The problem is given as follows:
Solve
dy/dt + y = 0.5, y(t=0)=1

Homework Equations

The Attempt at a Solution

I separate the y terms from the t terms, which gives me
dy(-y+0.5)=dt
I integrate both sides to get
-ln(-y+0.5)=t+C
C is the constant, I combine the constants from both sides to one value.
Multiplying both sides by the negative,
ln(-y+0.5)=-t-C
Now i e both sides
-y+0.5=e^(-t-C)
Therefore I can simplify to y=e^(-t-C)+0.5, which is my solution
Since y(0)=1,
e^(-C) = 0.5
I don't know what exactly I am supposed to do with that...
Was my answer correct?
Please advise, Thank you!

 

[latentcorpse]

surely you mean e^{-C}=1.5

 

[NCyellow]

surely you mean e^{-C}=1.5

Wrote the signs wrong, fixed now.

 

[HallsofIvy]

Homework Statement

The problem is given as follows:
Solve
dy/dt + y = 0.5, y(t=0)=1

Homework Equations

The Attempt at a Solution

I separate the y terms from the t terms, which gives me
dy(-y+0.5)=dt

dy/(-y+0.5)= dt

I integrate both sides to get
-ln(-y+0.5)=t+C
C is the constant, I combine the constants from both sides to one value.

Multiplying both sides by the negative,
ln(-y+0.5)=-t-C
Now i e both sides
-y+0.5=e^(-t-C)
Therefore I can simplify to y=e^(-t-C)+0.5, which is my solution
Since y(0)=1,
e^(-C) = 0.5
I don't know what exactly I am supposed to do with that...
Was my answer correct?
Please advise, Thank you!

-y+0.5= e^{-t-C} is NOT equivalent to y= e^{-t-C}+0.5.

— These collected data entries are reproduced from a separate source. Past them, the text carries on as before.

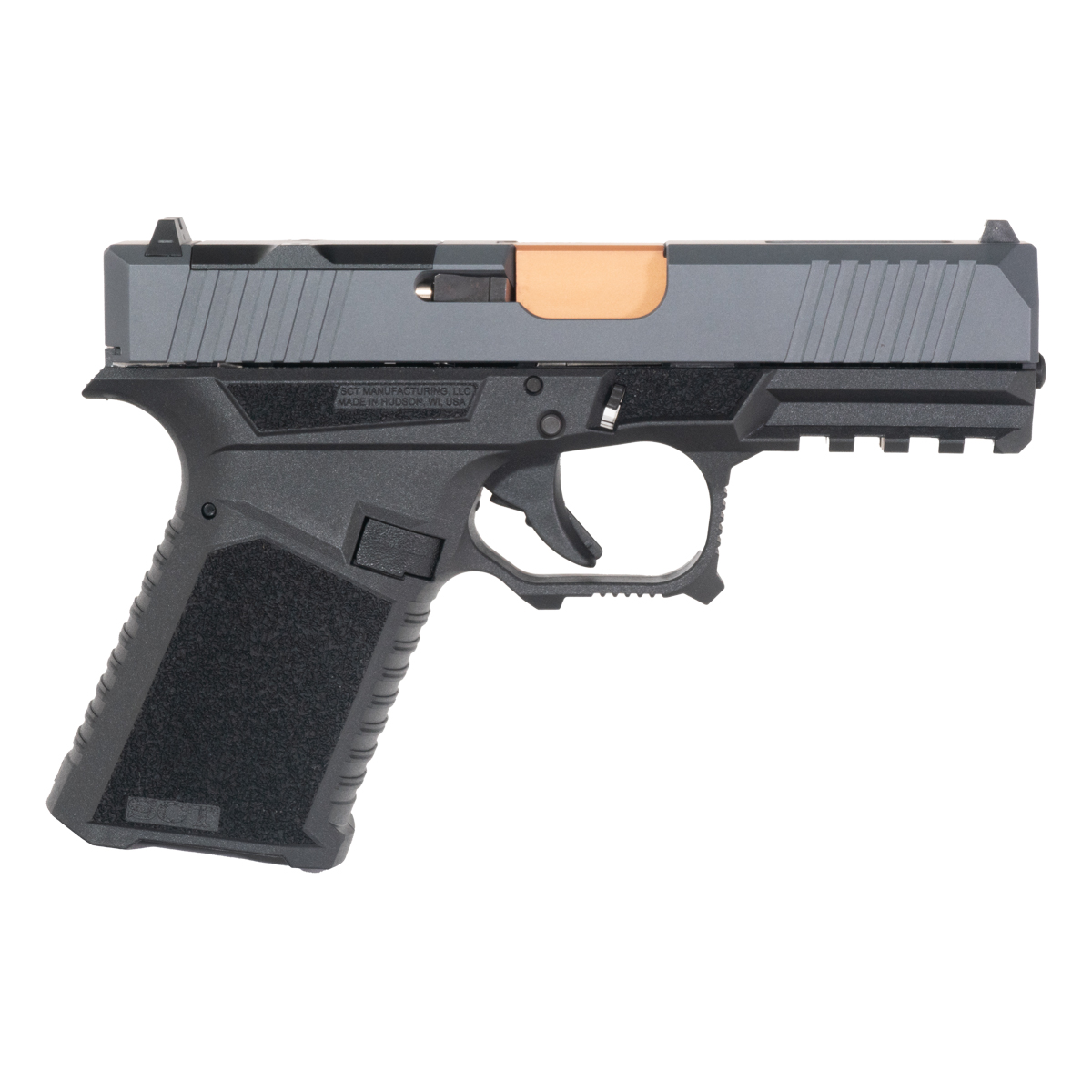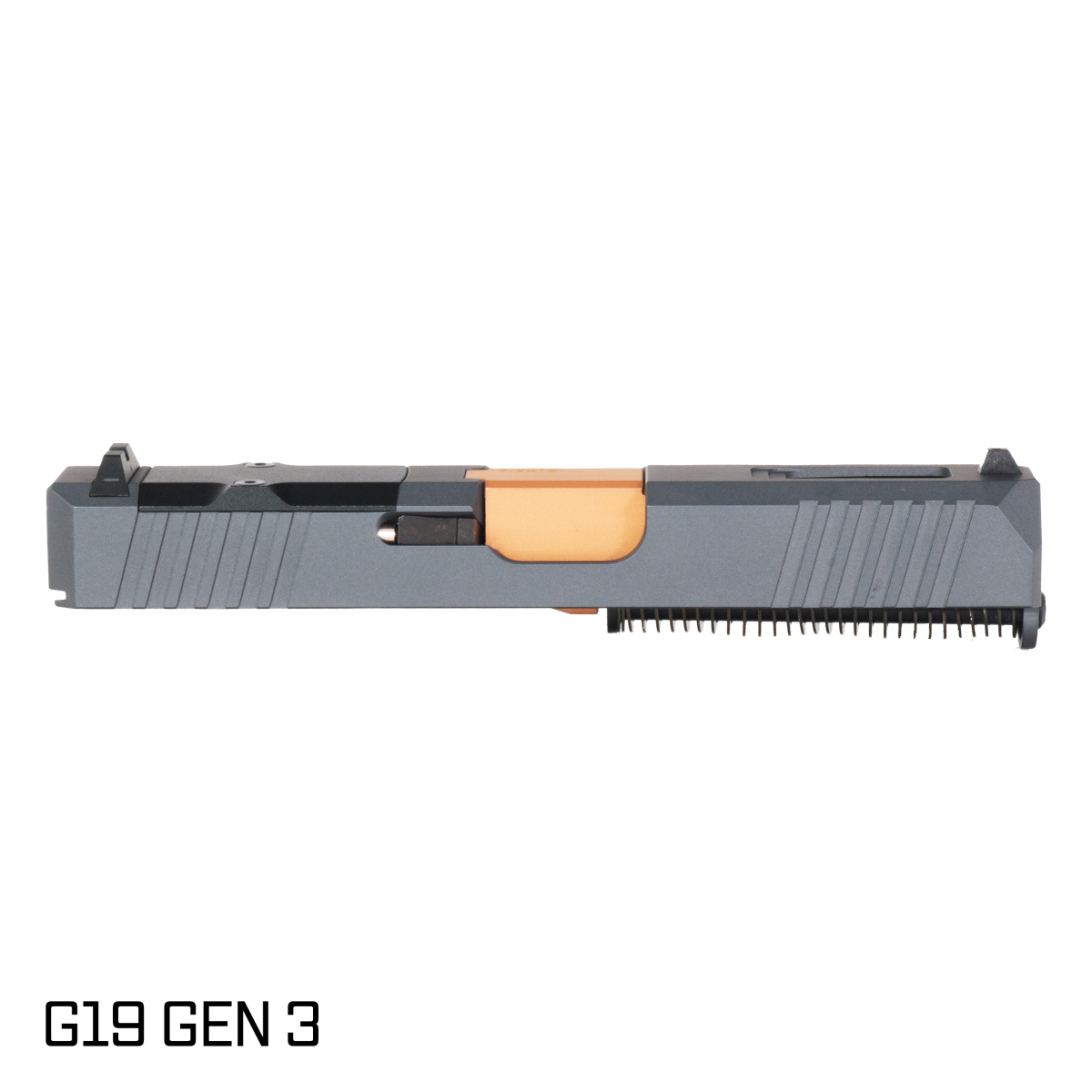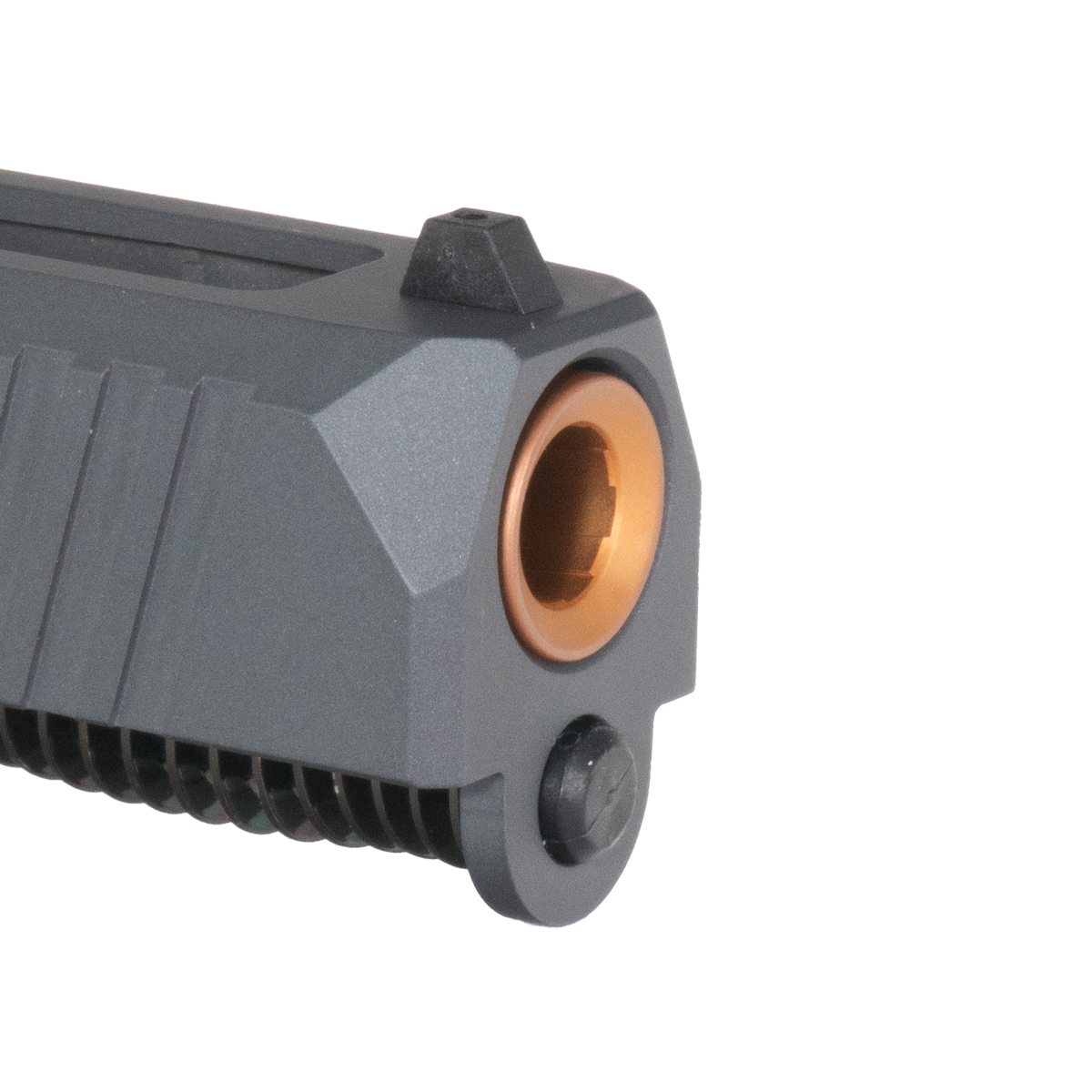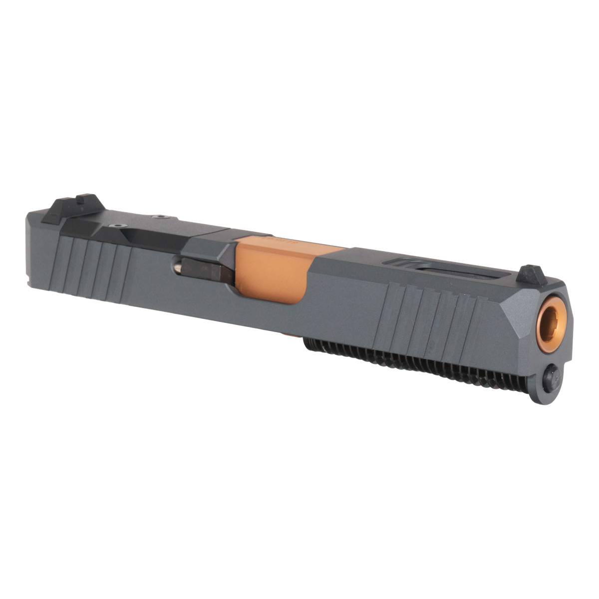 The Wayfinder Crowned Midnight Bronze PVD Barrel G19 Gen 1-3 Compatible 9MM Sniper Gray RMR Complete Slide Kit from DTT Stiffler MFG is engineered for the discerning gunsmith who values precision and performance. This kit is compatible with Glock 19 platforms and features a 9mm (9x19) caliber barrel, crafted from 416R stainless steel. The G19 Barrel boasts a Crown Cut in a striking Copper Finish, enhanced with a Midnight Bronze PVD for durability and style.
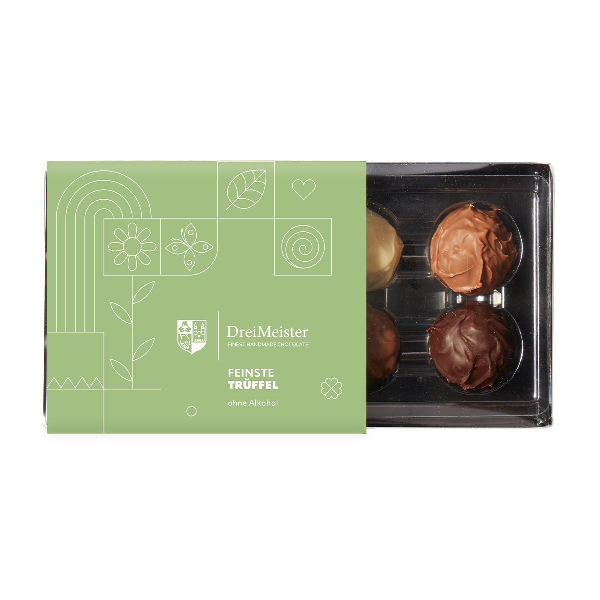 Diese elegante Geschenkverpackung mit 8 alkoholfreien Trüffeln vereint feine Schokoladenkunst mit frühlingshafter Leichtigkeit. Harmonisch abgestimmte Füllungen und zart schmelzende Kreationen sorgen für vielseitige Genussmomente – ganz ohne Alkohol. Die dekorative Frühlingsbanderole verleiht der Verpackung eine frische, saisonale Note und macht sie zur idealen Aufmerksamkeit für Familie, Freunde oder Geschäftspartner.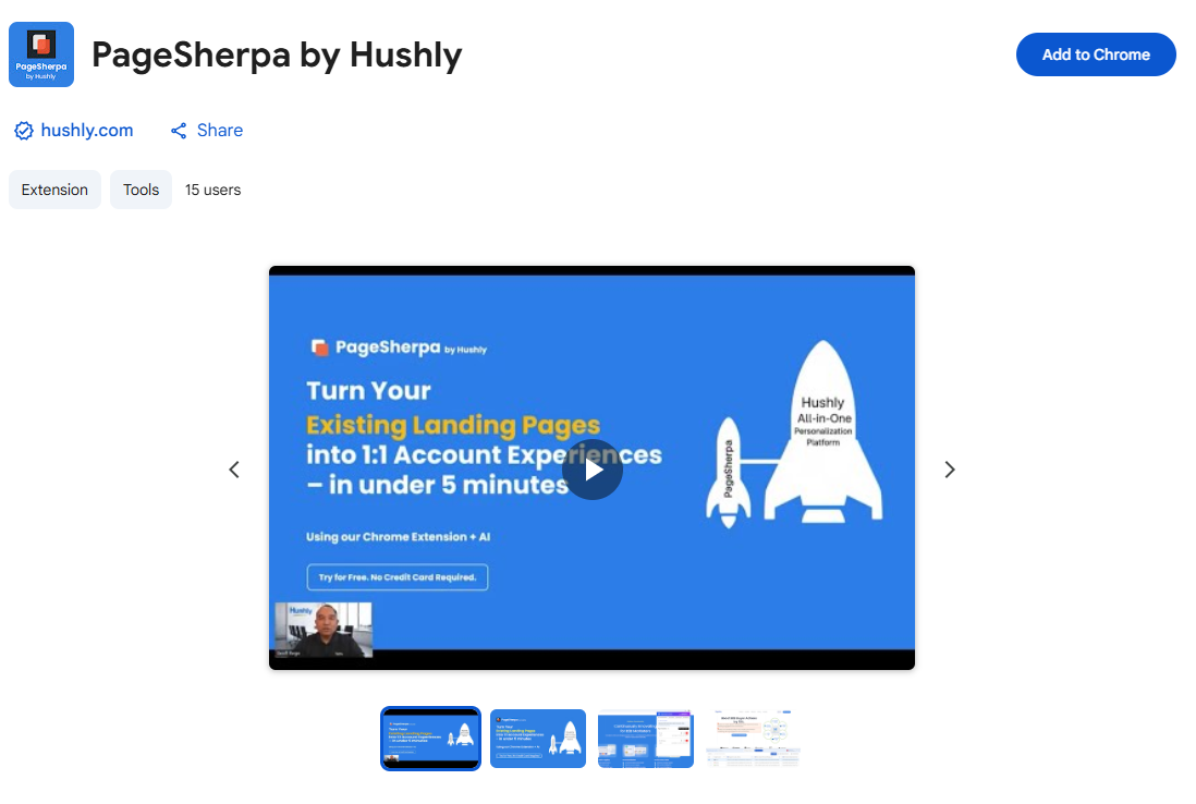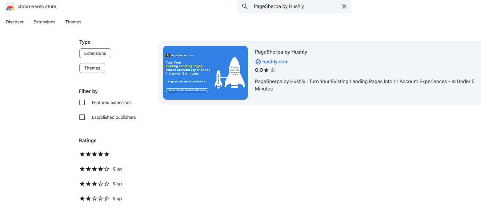 - In the search bar, type “PageSherpa by Hushly”. From the results page, select PageSherpa.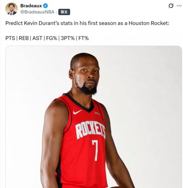 2025-10-03 00:09:57火记发问:预测下杜兰特在火箭第一个赛季的场均数据吧

Subtracting 0.5 from each side of -y+0.5= e^{-t-C} gives -y= e^{-t-C}- 0.5 and then, multiplying both sides by -1, y= 0.5- e^{-t-C}.

Now, taking y= 1 when t= 0, 1= 0.5- e^{-C} so e^{-C}= 0.5 still.
And e^{-t-C}= e^{-t}e^{-C}. Since e^{-C}= 0.5, e^{-t-C}= 0.5e^{-t} and your solution is y= 0.5- 0.5e^{-t}